The big difference for Cousins this year is he’s not looking for a place to live, he knows who his teammates are and he continues to learn their tendencies. That continuity can take the Vikings offense to the next level, if it translates on the field.

“Kirk is coming into this year with a familiarity of our players, of his teammates, and I think that’s invaluable,” Stefanski said. “That’s everybody, so I think that element of having been through that for one year with our guys is so important.”

The Vikings feature one of the most dangerous wide receiver combinations in the NFL with Diggs and Adam Thielen, who combined for 215 catches and more than 2,300 yards last season. They also both got paid for their efforts. Diggs earned a five-year contract extension before last season, and Thielen became one of the highest-paid receivers in football in April. He signed a four-year deal worth more than $64 million.

Not bad for a former Division II star who was an undrafted college free agent and had to earn his way onto the Vikings through special teams.

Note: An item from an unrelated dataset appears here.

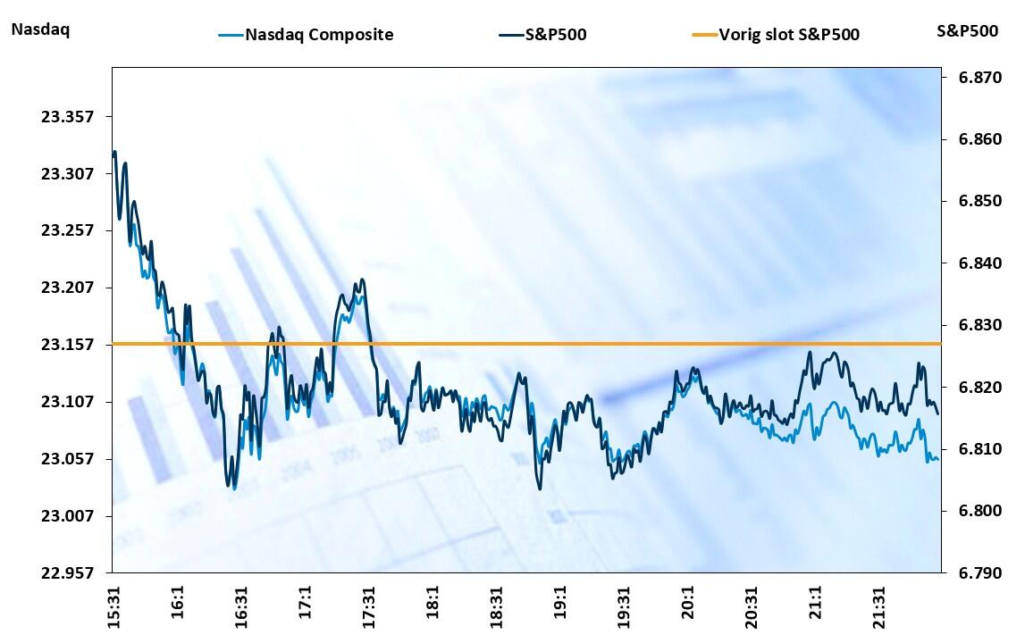- Na de verkoopgolf van vrijdag waarbij de S&P 500, Nasdaq en Russell 2000 meer dan 1% daalden, vervolgde Wall Street de neergang, al bleef de slotkoers iets boven de dagdieptepunten. De S&P500 en de Dow gingen 0,1% lager, tegenover 0,6% verlies voor de Nasdaq. Zwakke segmenten waren AI-infrastructuur, speculatieve aandelen, small-caps, crypto-gerelateerde aandelen en Chinese technologie.

The familiarity and continuity part of the offense is the primary focus of OTAs for the Vikings. They want to do whatever they can to make Cousins feel confident about what he’s doing.

“That’s what you want, you want to do things that makes him comfortable. As far as being a receiver, I want him to be comfortable. I want to play to his strengths and try to be there any way that I can,” Diggs said.

Laquon Treadwell is facing a critical year himself, after the Vikings declined his fifth-year contract option in the offseason. He already notices the continuity on offense.

“I feel like everyone is getting better because we know each other a little more. Kirk came in, big signing, there was a lot of news around it. We know Kirk for Kirk, it’s not he’s trying to impress us or win us over,” Treadwell said. “He got the team to know what’s going on, and I think he’s doing a great job just honing into his position.”

It should also help with Dalvin Cook as the primary option in the run game, with Boise State rookie Alexander Mattison the likely top contender for the No. 2 running back spot.

It’s still a work in progress on several fronts, which it should be with nearly two months to go until training camp.

Vikings hire part-time kicking coach

Mike Zimmer hinted during rookie minicamp that he could hire a coach to help with kickers. That guy, for now, is Nate Kaeding. The nine-year NFL veteran kicked mainly with the San Diego Chargers, and drives up from his Iowa home a few times per week to work with the Vikings. Special teams coordinator Marwan Maalouf called Kaeding “another set of eyes.”

The Vikings finished last in the NFL last season, making about 69 percent of their field goals. Kaeding was selected to the Pro Bowl twice and was First Team All Pro in 2009, when he made 32 of 35 kicks for the season.

“Nate’s done it before so that’s somebody that you can trust and that’s experience that you can’t find just with any coach,” Maalouf said.

Wednesday’s OTA highlights

  • There appears to be a three way battle for the No. 2 quarterback spot with Sean Mannion, Kyle Sloter and Jake Browning. In team drills, Mannion found rookie Irv Smith Jr. on a corner route for a touchdown. Mannion also delivered a pair of touchdown passes, one to Dillon Mitchell and the other to Jordan Taylor. Browning had two touchdown passes to Davion Davis, and a third to Alexander Mattison.
  • Defense won the day as the Vikings focused heavily on red zone offense. Eric Kendricks had an interception, Trae Waynes also had a pass breakup covering Smith and Marcus Epps broke up a pass in the end zone intended for Diggs.
  • Dan Bailey was a perfect 7-of-7 on field goal tries on Wednesday, ranging from 30-50 yards. In one of the last team drills, he was rushed on the field with less than 10 seconds to go and calmly made a kick from about 45 yards. Bailey is 12-of-13 with a long of 50 yards in the two practices open to the media.
  • Tight end Kyle Rudolph was absent from OTAs Wednesday to attend a golf tournament in Ohio for his Man of the Year nomination. Long snapper Austin Cutting was absent to attend his graduation at Air Force Academy. Cornerback Mike Hughes did work off to the side as he recovers from ACL surgery. Brian O’Neill returned to practice after missing time with an injury, and David Morgan didn’t practice due to injury.